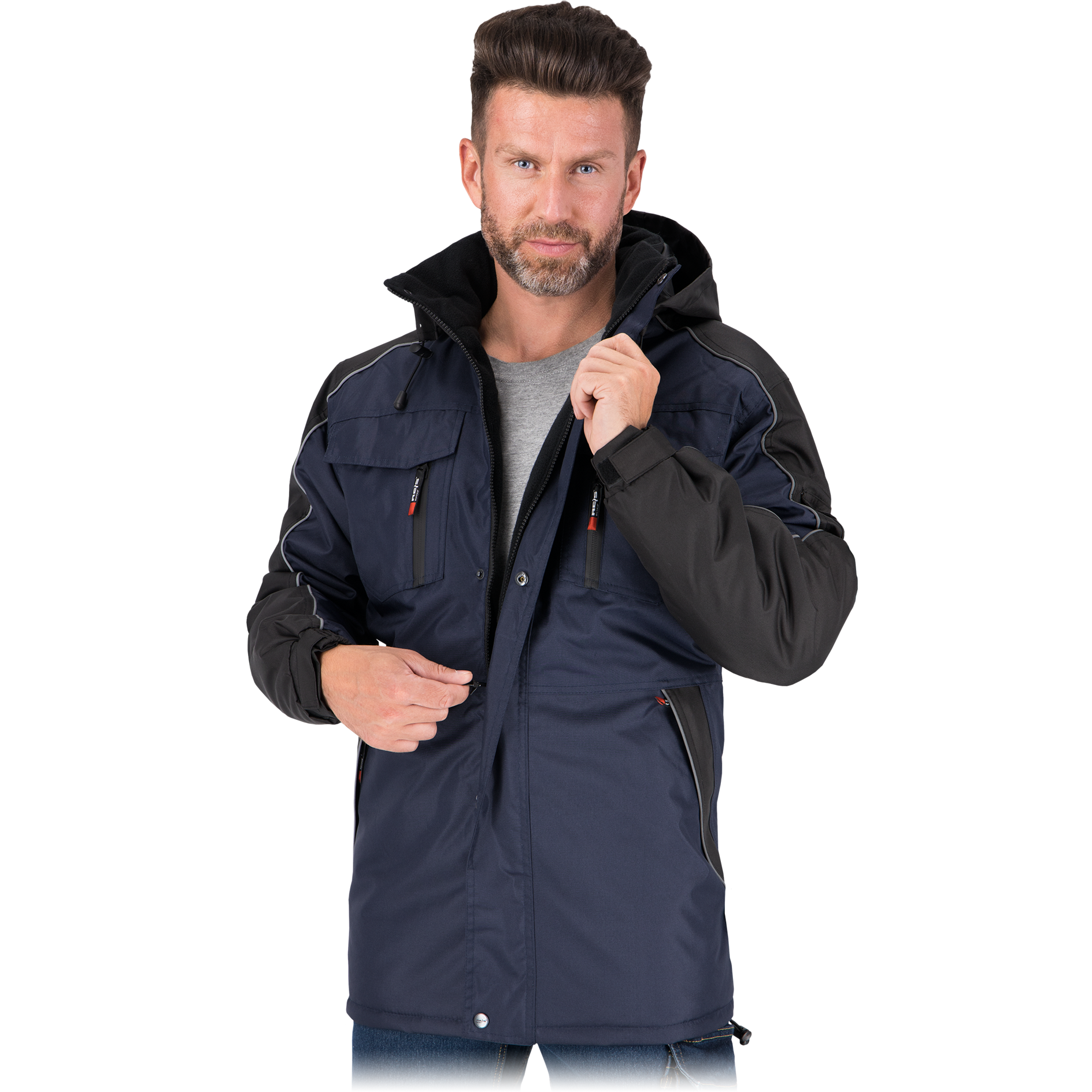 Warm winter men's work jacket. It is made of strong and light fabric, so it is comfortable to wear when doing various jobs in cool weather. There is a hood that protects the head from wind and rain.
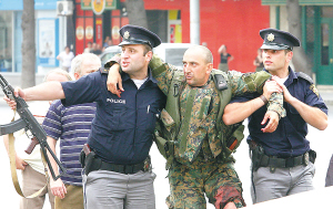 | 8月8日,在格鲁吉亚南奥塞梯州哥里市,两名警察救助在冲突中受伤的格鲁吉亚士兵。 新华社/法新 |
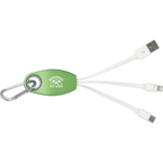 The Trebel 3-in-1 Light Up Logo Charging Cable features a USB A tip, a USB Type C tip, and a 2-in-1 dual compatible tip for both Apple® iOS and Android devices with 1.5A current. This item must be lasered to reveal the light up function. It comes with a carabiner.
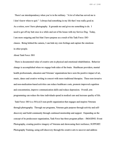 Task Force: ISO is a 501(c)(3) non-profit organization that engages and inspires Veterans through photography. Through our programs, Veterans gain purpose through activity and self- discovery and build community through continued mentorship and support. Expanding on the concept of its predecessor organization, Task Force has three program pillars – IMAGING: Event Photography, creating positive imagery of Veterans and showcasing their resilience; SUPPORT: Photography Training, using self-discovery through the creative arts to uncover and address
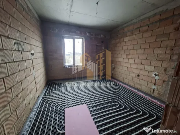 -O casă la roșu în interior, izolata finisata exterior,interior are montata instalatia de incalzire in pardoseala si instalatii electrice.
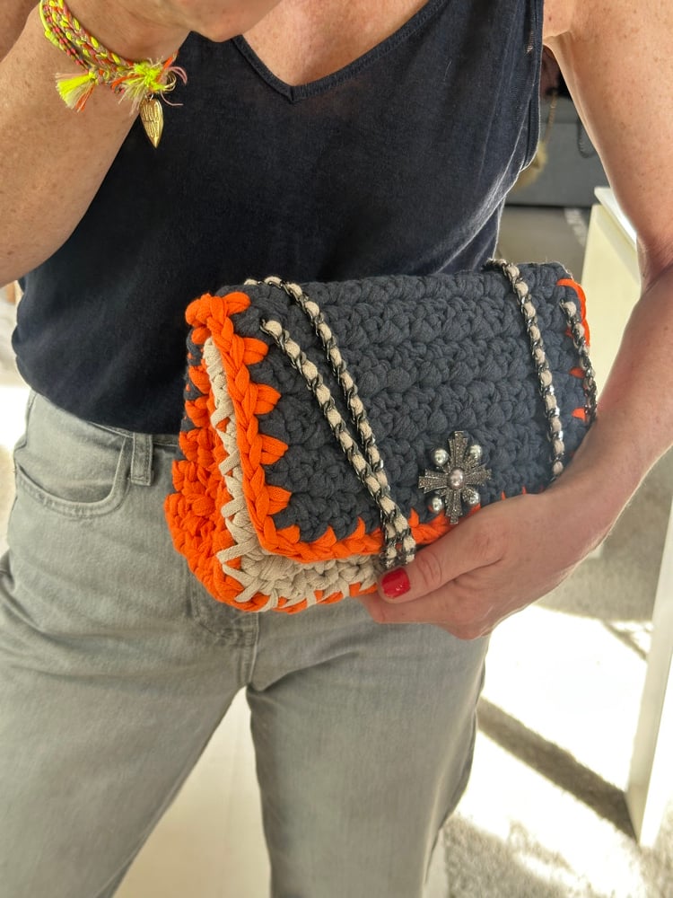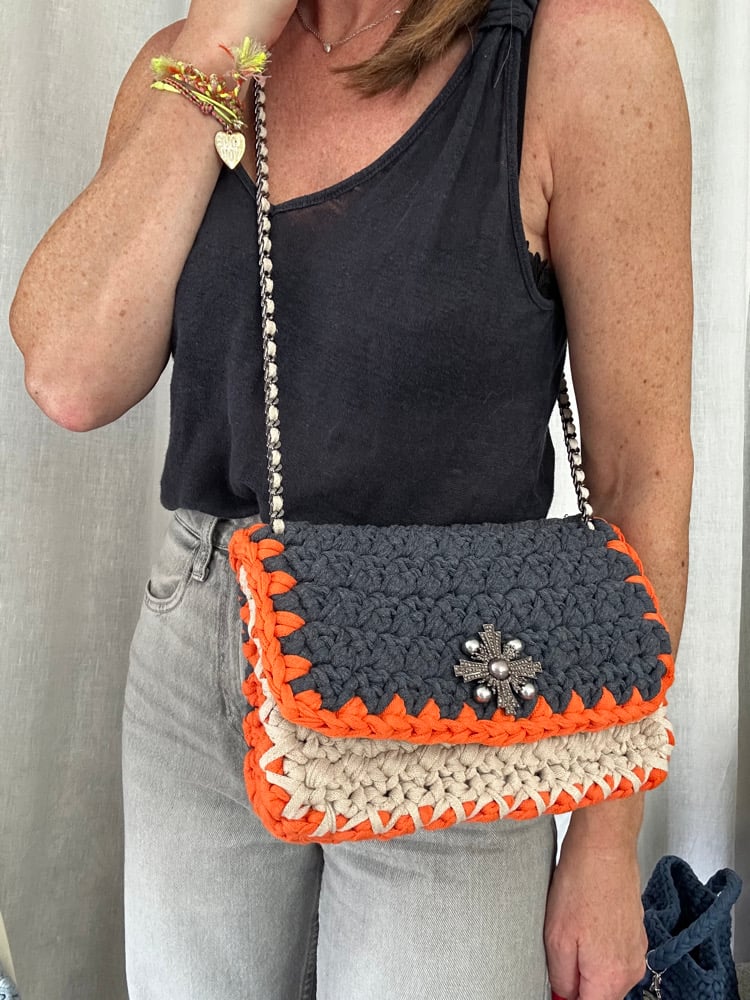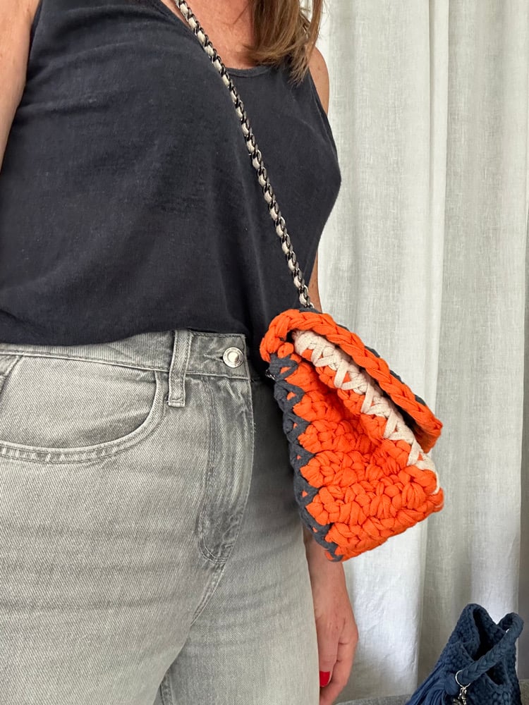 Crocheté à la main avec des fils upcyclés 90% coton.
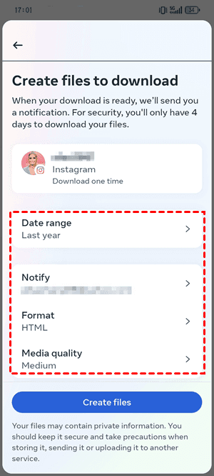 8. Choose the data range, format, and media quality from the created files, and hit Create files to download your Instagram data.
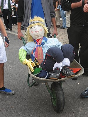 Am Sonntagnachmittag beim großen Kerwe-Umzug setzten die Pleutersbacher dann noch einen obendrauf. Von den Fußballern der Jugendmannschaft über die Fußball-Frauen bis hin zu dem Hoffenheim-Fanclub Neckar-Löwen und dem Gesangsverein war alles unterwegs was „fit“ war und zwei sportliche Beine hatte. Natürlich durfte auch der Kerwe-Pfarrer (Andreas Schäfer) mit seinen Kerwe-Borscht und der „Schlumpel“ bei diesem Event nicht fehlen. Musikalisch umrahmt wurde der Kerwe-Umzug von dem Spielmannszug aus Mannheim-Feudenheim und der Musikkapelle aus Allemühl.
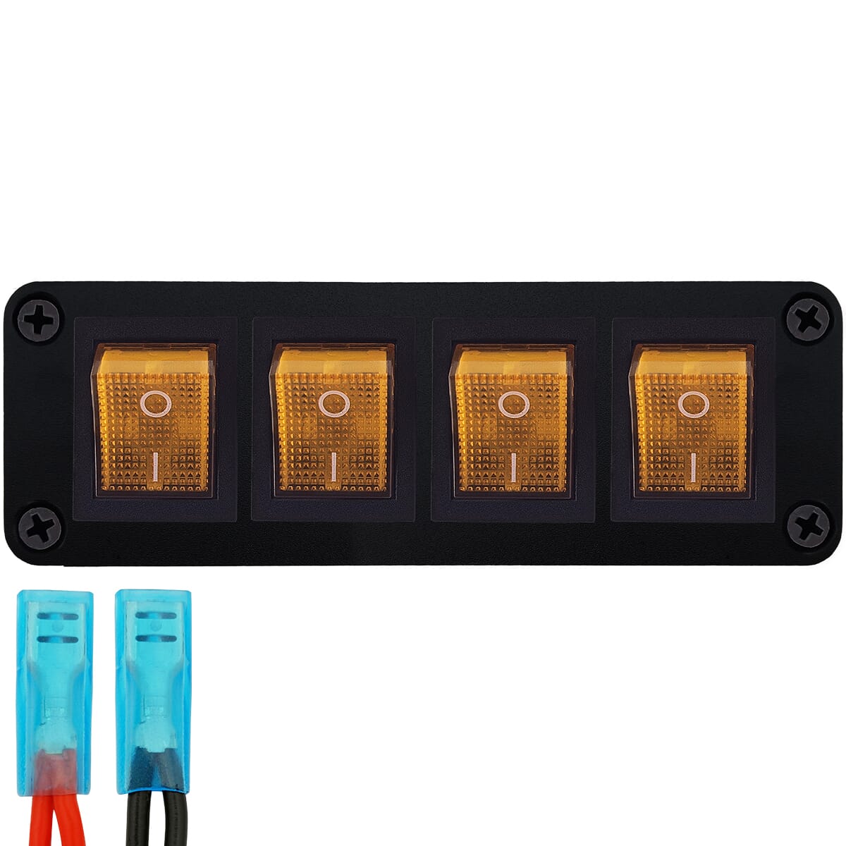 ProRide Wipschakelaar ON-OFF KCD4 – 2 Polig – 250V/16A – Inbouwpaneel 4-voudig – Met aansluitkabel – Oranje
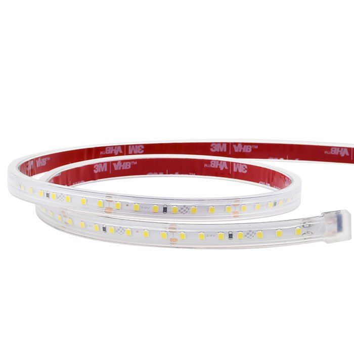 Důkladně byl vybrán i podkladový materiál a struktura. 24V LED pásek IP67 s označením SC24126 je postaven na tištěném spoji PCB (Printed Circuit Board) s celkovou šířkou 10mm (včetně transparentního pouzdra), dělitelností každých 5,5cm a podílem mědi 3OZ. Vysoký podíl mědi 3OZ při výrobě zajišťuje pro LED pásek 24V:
····················
Using the records above, return word for word the lines that begin at the one containing "8月8日,在格鲁吉亚南奥塞梯州哥里市,两名警察救助在冲突中受伤的格鲁吉亚士兵。 新华社/法新 |" and end at the one containing "Am Sonntagnachmittag beim", both of them included and no pictures.

**Answer space**
 | 8月8日,在格鲁吉亚南奥塞梯州哥里市,两名警察救助在冲突中受伤的格鲁吉亚士兵。 新华社/法新 |
 The Trebel 3-in-1 Light Up Logo Charging Cable features a USB A tip, a USB Type C tip, and a 2-in-1 dual compatible tip for both Apple® iOS and Android devices with 1.5A current. This item must be lasered to reveal the light up function. It comes with a carabiner.
 Task Force: ISO is a 501(c)(3) non-profit organization that engages and inspires Veterans through photography. Through our programs, Veterans gain purpose through activity and self- discovery and build community through continued mentorship and support. Expanding on the concept of its predecessor organization, Task Force has three program pillars – IMAGING: Event Photography, creating positive imagery of Veterans and showcasing their resilience; SUPPORT: Photography Training, using self-discovery through the creative arts to uncover and address
 -O casă la roșu în interior, izolata finisata exterior,interior are montata instalatia de incalzire in pardoseala si instalatii electrice.
 Crocheté à la main avec des fils upcyclés 90% coton.
 8. Choose the data range, format, and media quality from the created files, and hit Create files to download your Instagram data.
 Am Sonntagnachmittag beim großen Kerwe-Umzug setzten die Pleutersbacher dann noch einen obendrauf. Von den Fußballern der Jugendmannschaft über die Fußball-Frauen bis hin zu dem Hoffenheim-Fanclub Neckar-Löwen und dem Gesangsverein war alles unterwegs was „fit“ war und zwei sportliche Beine hatte. Natürlich durfte auch der Kerwe-Pfarrer (Andreas Schäfer) mit seinen Kerwe-Borscht und der „Schlumpel“ bei diesem Event nicht fehlen. Musikalisch umrahmt wurde der Kerwe-Umzug von dem Spielmannszug aus Mannheim-Feudenheim und der Musikkapelle aus Allemühl.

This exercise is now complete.